For the three months ended June 30, Salem saw its total revenue slip to $66.1 million, from $67.8 million.

Once again, net broadcast revenue is the dollar driver for Salem, and this came in statistically flat for Q2, moving to $49.3 million from $50 million.

With operating expenses climbing to $35.93 million, from $35.87 million, Salem saw its net income decline to $1.27 million (5 cents per basic and diluted share), from $3.36 million (13 cents).

Among the other key results from Q2:

  • Operating income decreased 11.2% to $8.6 million, from $9.7 million
  • Adjusted EBITDA decreased 3.9% to $12.4 million, from $12.9 million
  • Same Station Station Operating Income (SOI) decreased 5.3% to $13.4 million, from $14.1 million

Company executives did not comment on the results ahead of a conference call set for later Monday.

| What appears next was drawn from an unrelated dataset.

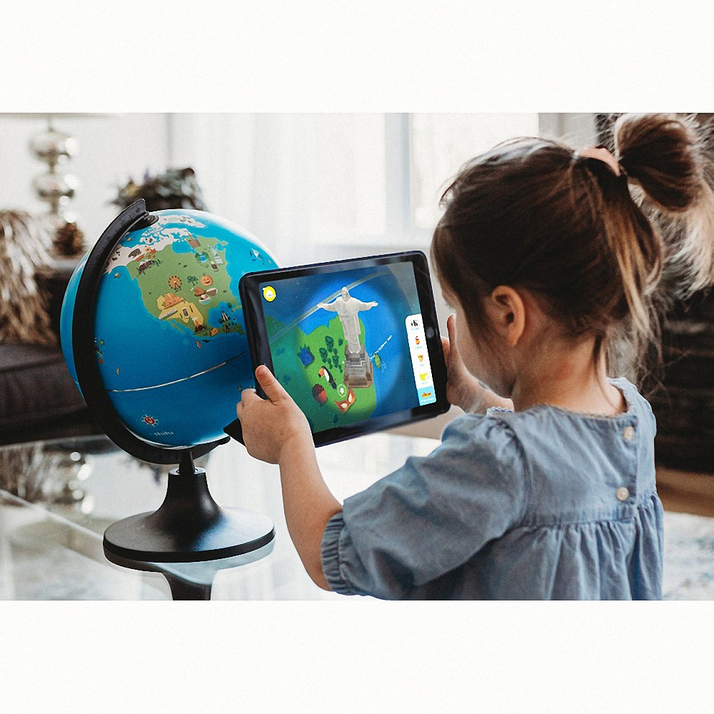 Это современная и умная версия глобуса, дополненная 3D объектами, которые ребенок сможет увидеть, направив на него камеру умного устройства.
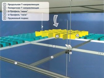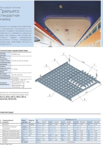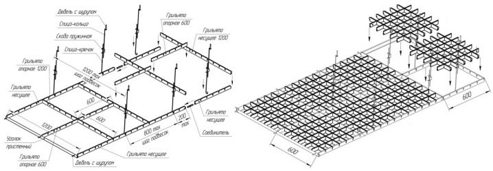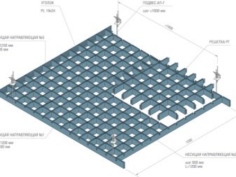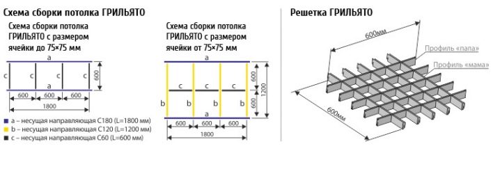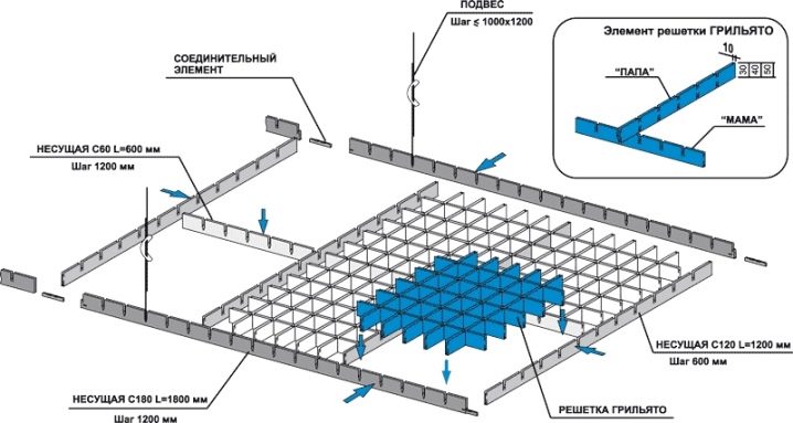 Конструкцията на решетката се състои от алуминиеви профили или дървени елементи. Дебелината на профила обикновено не надвишава 5 мм. Ширината е от 3 до 5 см. Клетките имат размери от 3 × 3 см до 20 × 20 см. Профилите на майстора се наричат „мама“ и „татко“. Те са здраво закрепени към метални релси, закрепени заедно. Релсите са със стандартни размери 60, 120, 180 и 240 см. Системата е здраво закрепена към основата на тавана с помощта на специални леки и надеждни крепежни елементи.

However, it did offer Q3 guidance. Salem is projecting total revenue to decline 6% to 8% from Q3 2016, when it saw total revenue of $71.3 million.

Why? Much of this revenue decline is due to the lack of political revenue and the elimination of four loss-making magazines, continued softness in Dallas and a reduced book release schedule in Q3 ’17, the company says.

Still, excluding the impact of these items, the company would be projecting revenue declines of 1% to 3%.

The company is also projecting operating expenses before gains or losses on the sale or disposal of assets, stock-based compensation expense, changes in the estimated fair value of contingent earn-out consideration, impairments, depreciation expense and amortization expense to decline 2% to 5% compared to Q3 2016 non-GAAP operating expenses of $58.6 million.